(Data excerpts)
· · · · ·

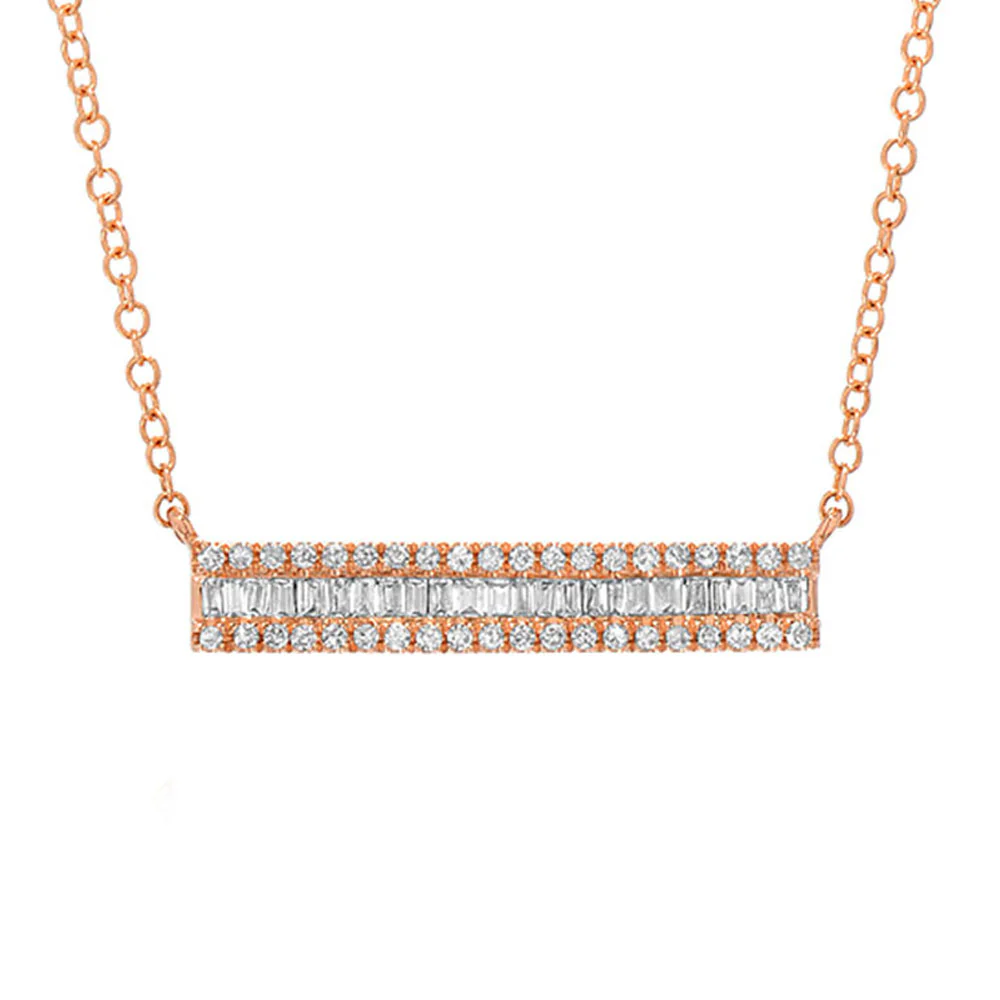 Part of our Heirloom Collection, handcrafted in solid 14k gold and natural diamonds, this 16-18" adjustable necklace features channel set baguette diamonds framed by two rows of diamonds. This signature motif is an up-to-date twist on a classic bar necklace, and the combination of gleaming gold, elegant baguette diamonds and sweet micropave will make this an everyday go-to necklace.
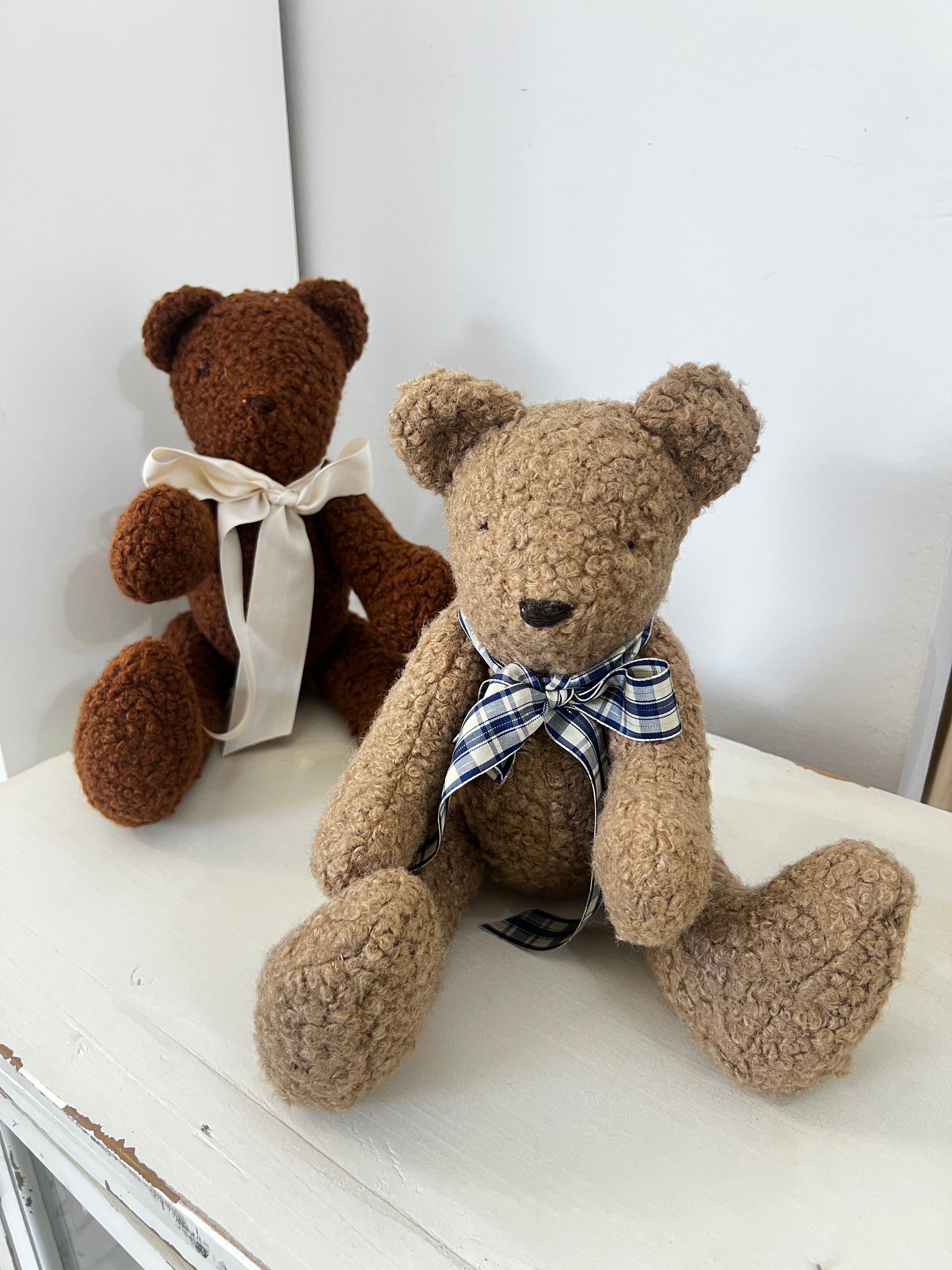 Orsetto sartoriale in tessuto bouclè , personalizzabile sul nastro .
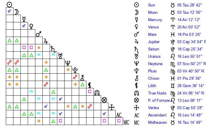 | Sun | 5 Taurus 28 | 5 Taurus 44 | 7 Cancer 55 |
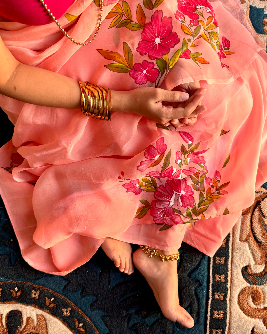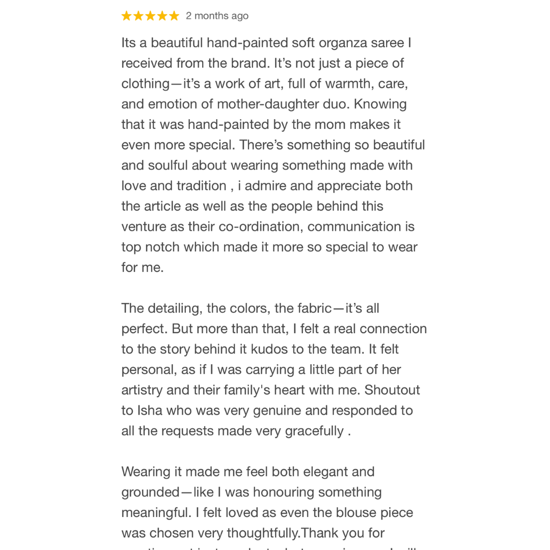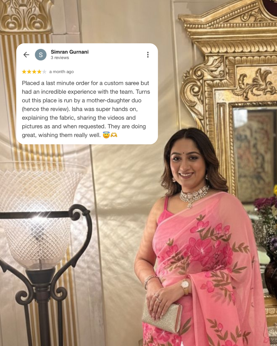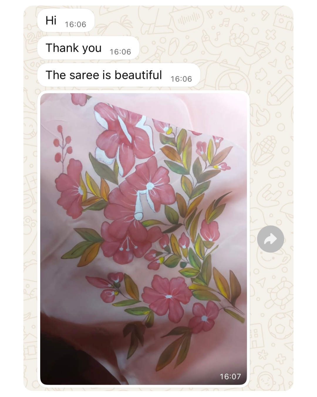 years passed by before she found her calling in this small venture; when she hand-painted an organza silk saree for her upcoming kitty party and got two random women enquiring about it when they found it getting fall-finished at a local boutique.
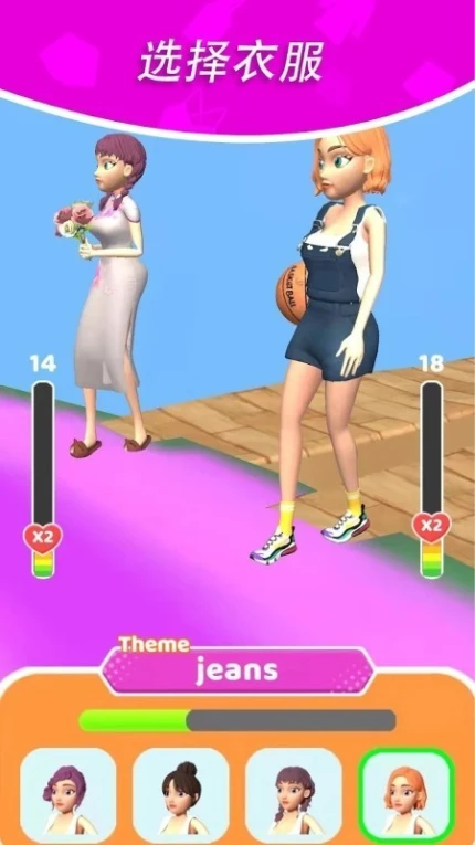 超级走秀时装大战是一款将换装与跑酷结合的创新休闲游戏。玩家通过搭配服饰提升造型分数,在跑酷过程中应对障碍与主题挑战。游戏内含淑女风、甜酷风等多风格服饰,支持布料材质主题关卡设计。玩家需观察赛道服饰预告,提前选择最佳搭配以节省时间,最终以爱心值(观众好评数)决定胜负。游戏强调审美提升与策略搭配,提供直观操作与流畅动作体验。

· · · · ·

● WORK TASK
Leave out any pictures and return exactly the lines from the beginning of the data through the line with "Cancer 55 |", inclusive.

● FINISHED EXERCISE
 Part of our Heirloom Collection, handcrafted in solid 14k gold and natural diamonds, this 16-18" adjustable necklace features channel set baguette diamonds framed by two rows of diamonds. This signature motif is an up-to-date twist on a classic bar necklace, and the combination of gleaming gold, elegant baguette diamonds and sweet micropave will make this an everyday go-to necklace.
 Orsetto sartoriale in tessuto bouclè , personalizzabile sul nastro .
 | Sun | 5 Taurus 28 | 5 Taurus 44 | 7 Cancer 55 |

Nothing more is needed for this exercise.